** The data **

━━━

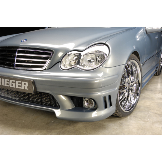 Přední nárazník značky Rieger Tuning je navržen pro vozy Mercedes-Benz třídy C druhé generace (typ W203), vyráběné od roku 05/2000, v karosářských verzích sedan a T-model (kombi). Tento sportovní nárazník zajišťuje perfektní lícování, moderní vzhled a je vyroben z odolného plastu ABS bez povrchové úpravy – připraveného pro lakování.
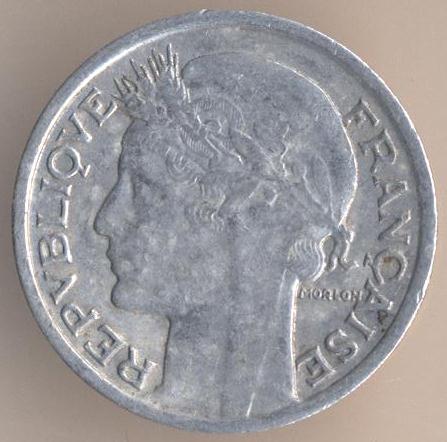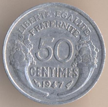 50 centimes 1947, aluminium, weight - 0,7 g., size - 18 mm, thickness - 1,19 mm, mintage - 51744000 pcs. Engraver: Pierre-Alexandre Morlon. Coins of this type were released at 1941, 1944-47. Demonetized on July 31 1950.
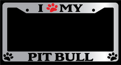 Chrome METAL MOTORCYCLE License Plate Frame I HEART MY (PAW) PIT BULL 504 Mod-GRAPH9856236-10223

━━━

Repeat the whole listing above word for word, but keep any picture out of it.

 Přední nárazník značky Rieger Tuning je navržen pro vozy Mercedes-Benz třídy C druhé generace (typ W203), vyráběné od roku 05/2000, v karosářských verzích sedan a T-model (kombi). Tento sportovní nárazník zajišťuje perfektní lícování, moderní vzhled a je vyroben z odolného plastu ABS bez povrchové úpravy – připraveného pro lakování.
 50 centimes 1947, aluminium, weight - 0,7 g., size - 18 mm, thickness - 1,19 mm, mintage - 51744000 pcs. Engraver: Pierre-Alexandre Morlon. Coins of this type were released at 1941, 1944-47. Demonetized on July 31 1950.
 Chrome METAL MOTORCYCLE License Plate Frame I HEART MY (PAW) PIT BULL 504 Mod-GRAPH9856236-10223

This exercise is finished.